You need a "ticky tacky" instrument, like snare sticks or something else, that is holding down a steady 8th note groove and perhaps also a slightly deeper instrument marking out the quarter note beat. That way, the syncopations will become much more clear. The ticky-tackies don't need to be very loud, especially if you're picturing a string ostinato, synth bass, or some other element that will be providing steady 8th note rhythms in the complete track. However, without the ticktacks marking out the proper 8th and 4th subdivisions, the percussion track currently feels wild and lost, at least for the first few measures of the 1st time hearing the track, until my brain figured out that it's a syncopated beat and what the implied steady beat is.

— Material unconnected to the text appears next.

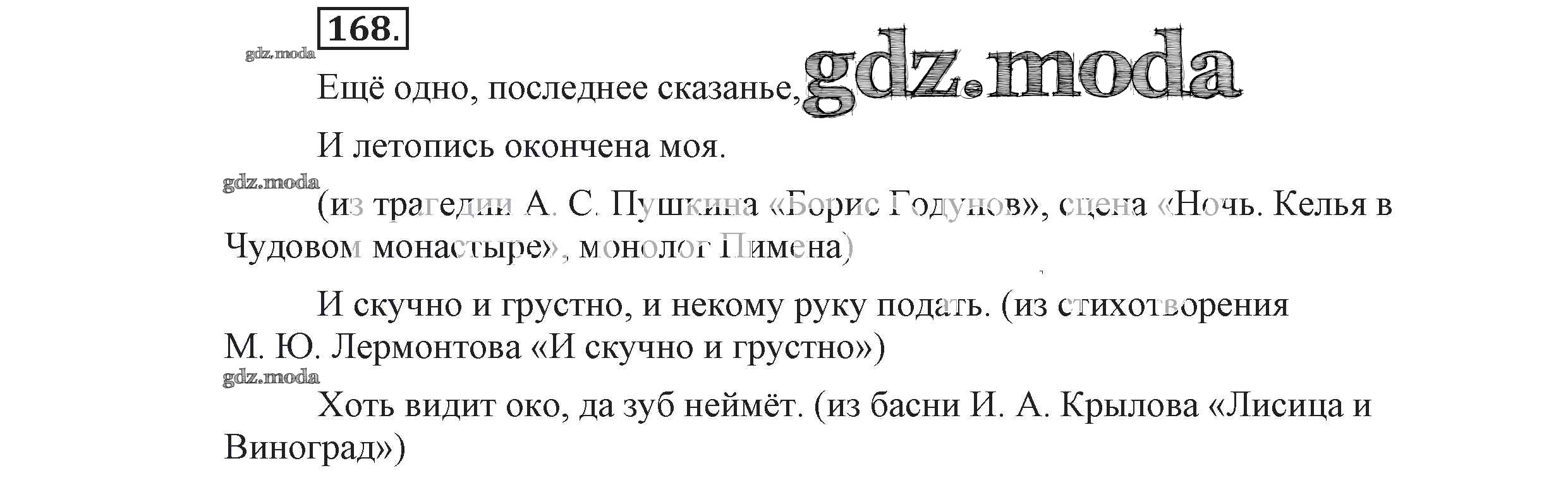 ОТВЕТ на задание № 168 Учебник по Русскому языку 9 класс Львова
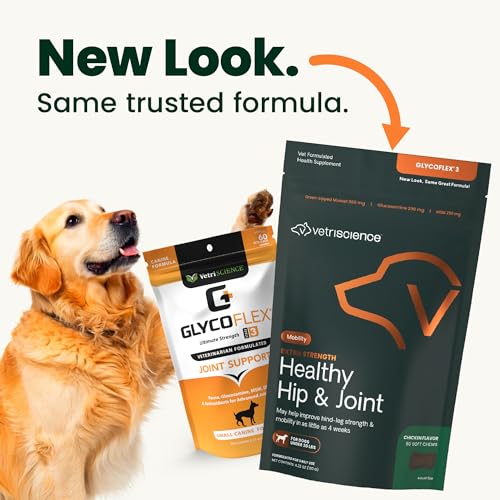 VetriScience Extra Strength Healthy Hip & Joint Chews, GlycoFlex Glucosamine and Green-Lipped Mussel Joint Support Supplement for Small Breed Dogs, Soothe Joint Discomfort, Chicken, 60 Count

Everything else about this seems good to me, at least until hearing the complete track.


----------



## Jaap (Dec 8, 2017)

NoamL said:


> My only critique: it's a syncopated groove that's syncopating *against* nothing
> 
> You need a "ticky tacky" instrument, like snare sticks or something else, that is holding down a steady 8th note groove and perhaps also a slightly deeper instrument marking out the quarter note beat. That way, the syncopations will become much more clear. The ticky-tackies don't need to be very loud, especially if you're picturing a string ostinato, synth bass, or some other element that will be providing steady 8th note rhythms in the complete track. However, without the ticktacks marking out the proper 8th and 4th subdivisions, the percussion track currently feels wild and lost, at least for the first few measures of the 1st time hearing the track, until my brain figured out that it's a syncopated beat and what the implied steady beat is.
> 
> Everything else about this seems good to me, at least until hearing the complete track.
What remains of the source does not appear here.